If you use this code in your research, please cite the following publication: https://arxiv.org/abs/2108.12510
@article{gowda2021pulling,
title={Pulling Up by the Causal Bootstraps: Causal Data Augmentation for Pre-training Debiasing},
author={Sindhu C.M. Gowda and Shalmali Joshi and Haoran Zhang and Marzyeh Ghassemi},
journal={arXiv preprint arXiv:2108.12510},
year={2021}
}
Run the following commands to clone this repo and create the Conda environment:
git clone git@github.com:MLforHealth/CausalDA.git
cd CausalDA/
conda env create -f environment.yml
conda activate causalda
See DataSources.md for detailed instructions to setup the WILDS and CXR datasets. This is not necessary for the synthetic experiments.
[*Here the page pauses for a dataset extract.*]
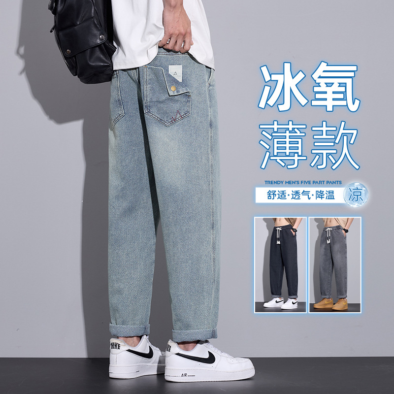 冰丝牛仔裤男士春季新款潮牌宽松直筒九分休闲长裤子2025春季新款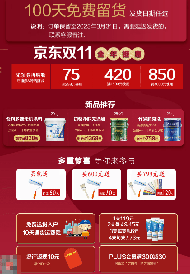 在当前的双十一电商购物节中,晨阳水漆的官方旗舰店也参与了此次全年大促,不仅给消费者带来了满额送礼、免费留货、送货入户、好评返现等服务,还推出了几款新品,并打折进行推广放送,似乎与濒临破产、债权难偿的并不是同一个晨阳水漆。

To train a single model, e.g.
python train_synthetic.py \
--type par_back_front \
--corr-coff 0.75 \
--test-corr 0.75 \
--output_dir /path/to/output
or
python train.py \
--type back \
--data camelyon \
--data_type Conf \
--domains 2 3 \
--corr-coff 0.95 \
--seed 0 \
--output_dir /path/to/output
To reproduce the experiments in the paper by training grids of models, call sweep.py
using the class names defined in experiments.py
as experiment names, e.g.
python sweep.py launch \
--experiment CXR \
--output_dir /my/sweep/output/path \
--command_launcher "local"
This command can also be ran easily using launch_scripts/launch_exp.sh
. You will likely need to update the launcher to fit your compute environment.
We provide sample code for creating aggregate results for an experiment in AggResults.ipynb
.
We make use of code from the WILDS benchmark as well as from the DomainBed framework.
This source code is released under the MIT license, included here.